**TASK TO CARRY OUT:**
Without including any picture, write out the entries exactly as they stand.
★ ★ ★ ★ ★ ★ ★
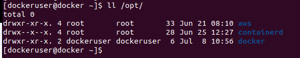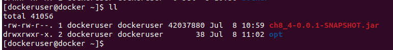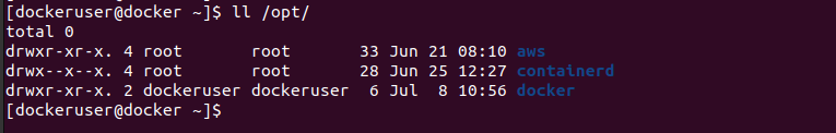 이번에는 /opt/docker 라는 dockeruser 소유의 디렉터리에
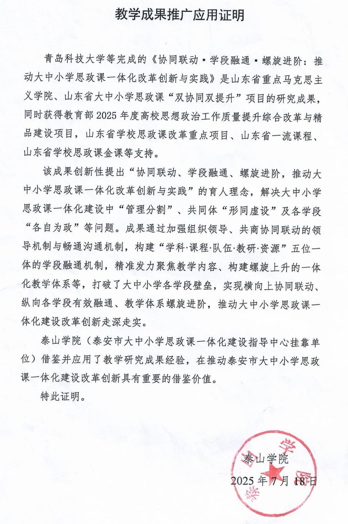 “协同联动·学段融通·螺旋进阶:大中小学思政课一体化改革创新与实践”教学成果
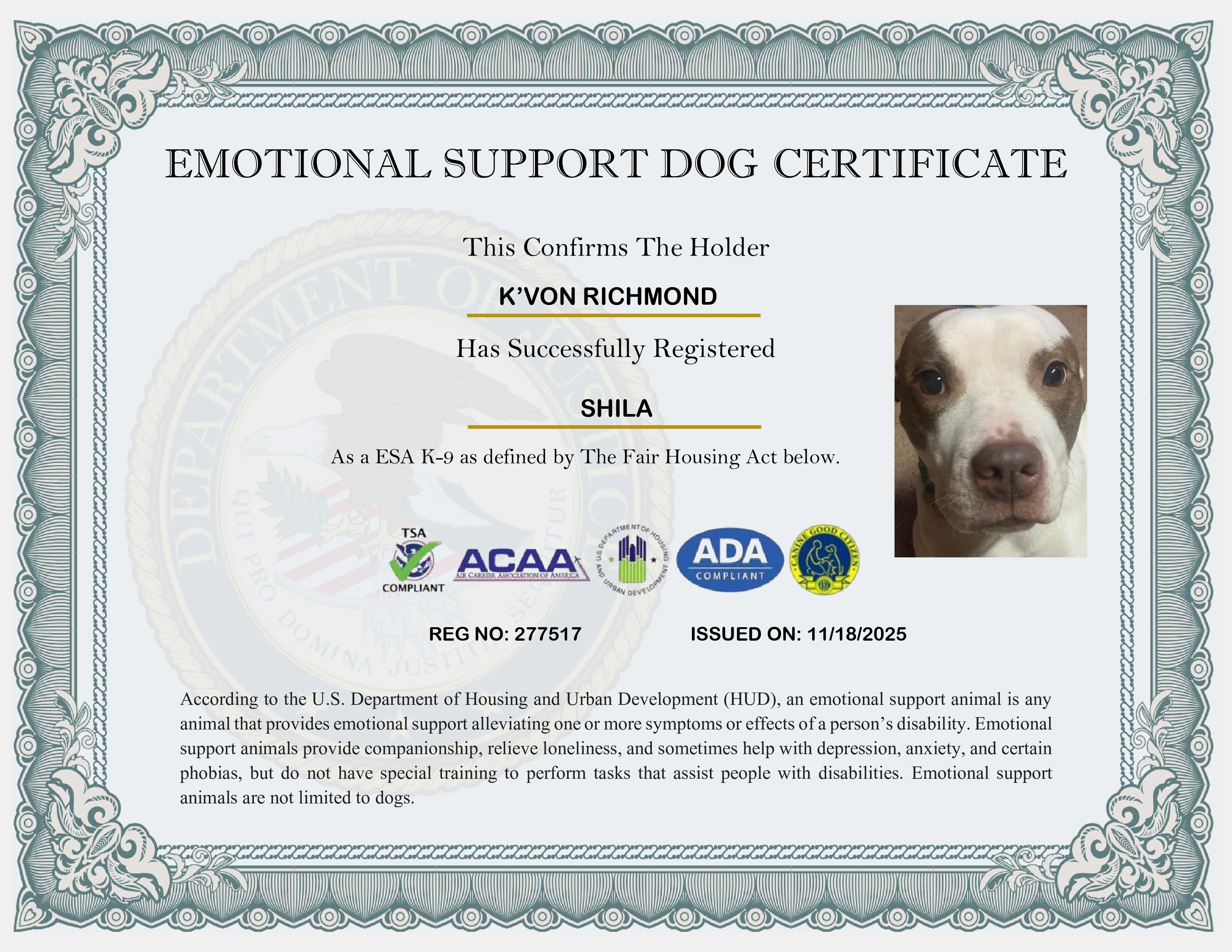 USA Emotional Support Dog Registration
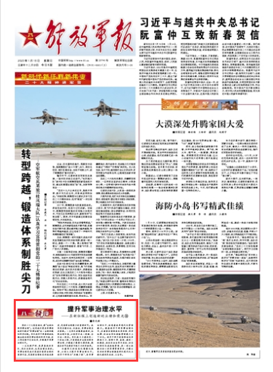 黨的二十大報(bào)告指出,要“全面加強(qiáng)軍事治理”。這是我們黨在軍事領(lǐng)域首次提出“軍事治理”這一全新命題和科學(xué)論斷。軍隊(duì)領(lǐng)導(dǎo)干部要深刻把握全面加強(qiáng)軍事治理的科學(xué)內(nèi)涵,在工作實(shí)踐中靈活運(yùn)用,不斷提升軍事治理水平。
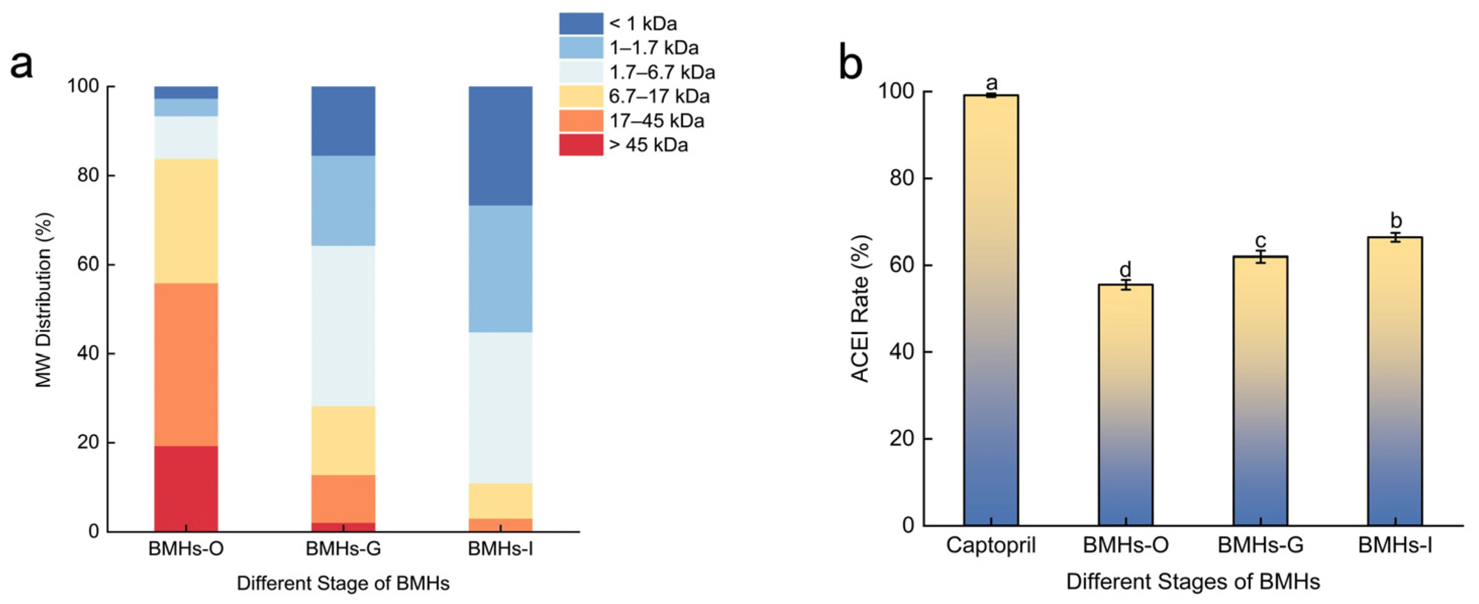 Figure 1b). The inhibition rate of BMHs-I was lower than that of the positive control, Captopril (99.2 ± 0.5%). This difference is likely because the hydrolysate is a mixture containing inactive substances, whereas Captopril is a pure compound. Importantly, the high activity of the control validates the performance of the assay. Furthermore, the activity of BMHs-I was markedly stronger than that of other animal protein hydrolysates; for instance, it was approximately 1.3 times more potent than earthworm hydrolysate (IC
★ ★ ★ ★ ★ ★ ★
**ANSWER SPACE:**
 이번에는 /opt/docker 라는 dockeruser 소유의 디렉터리에
 “协同联动·学段融通·螺旋进阶:大中小学思政课一体化改革创新与实践”教学成果
 USA Emotional Support Dog Registration
 黨的二十大報(bào)告指出,要“全面加強(qiáng)軍事治理”。這是我們黨在軍事領(lǐng)域首次提出“軍事治理”這一全新命題和科學(xué)論斷。軍隊(duì)領(lǐng)導(dǎo)干部要深刻把握全面加強(qiáng)軍事治理的科學(xué)內(nèi)涵,在工作實(shí)踐中靈活運(yùn)用,不斷提升軍事治理水平。
 Figure 1b). The inhibition rate of BMHs-I was lower than that of the positive control, Captopril (99.2 ± 0.5%). This difference is likely because the hydrolysate is a mixture containing inactive substances, whereas Captopril is a pure compound. Importantly, the high activity of the control validates the performance of the assay. Furthermore, the activity of BMHs-I was markedly stronger than that of other animal protein hydrolysates; for instance, it was approximately 1.3 times more potent than earthworm hydrolysate (IC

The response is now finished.